While our review has supplied useful information about the gut microbiota and obesity in the pediatric population, its limitations should be pointed out. By far, the majority of high-quality research available in PubMed involved research with adolescents/adults/animal and antimicrobial pre/pro/symbiotic therapies or reviews, and only seven well-designed clinical studies could be critically assessed. Despite the fact that our qualitative analysis (based on scores A, B, or C) worked well, pooling methods such as meta-analysis were not performed because of the significant heterogeneity among the species involved in the appraised investigations, particularly with respect to the lack of an entire phyla evaluation (Bacteroidetes/Firmicutes), precluding this kind of analysis. Given these limitations, and to obtain consistent agreement within the studies appraised in future systematic reviews, one should consider investigating the entire Bacteroidetes and Firmicutes phyla and not only particular species. Likewise, different species of bacteria show biochemical diversity and distinctive pathogenic potential.

Greater knowledge of the gut microbiota composition might contribute to the prevention of weight gain or facilitate weight loss in the human population. This might be a useful strategy to avoid, prevent, or control weight gain in children and, consequently, in adults. Regarding a long-term approach, the implementation of effective preventive measures clearly has a significant economic impact in terms of the reduction of costs to the public health system.

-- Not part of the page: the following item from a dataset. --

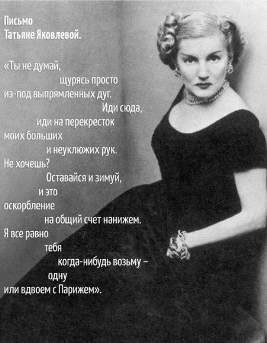 Владимир Маяковский, безудержно влюбленный в Татьяну Яковлеву, написал и посвятил ей два стихотворения. До встречи с Татьяной, предложение выйти за него замуж поступали только Лилии Брик. Но прекрасная и утонченная Татьяна Яковлева, смогла занять особое место в сердце поэта.

Although it is difficult to control all confounders in clinical studies, they accurately reflect what occurs in real life. Thus, clinical investigations with significant sample sizes can report the reality of the problem, excluding the artificially controlled conditions of experimental designs. Thus, future studies should continue to investigate the microbial ecosystem and its impact on health during childhood and later in life.

Conclusions

In conclusion, changes in Firmicutes and Bacteroidetes phyla/species levels might in fact be significant indicators/factors for childhood obesity. However, given the critical number of articles appraising these entire phyla and the significant heterogeneity among the species involved in the assessed investigations, caution is required in extrapolating this assumption.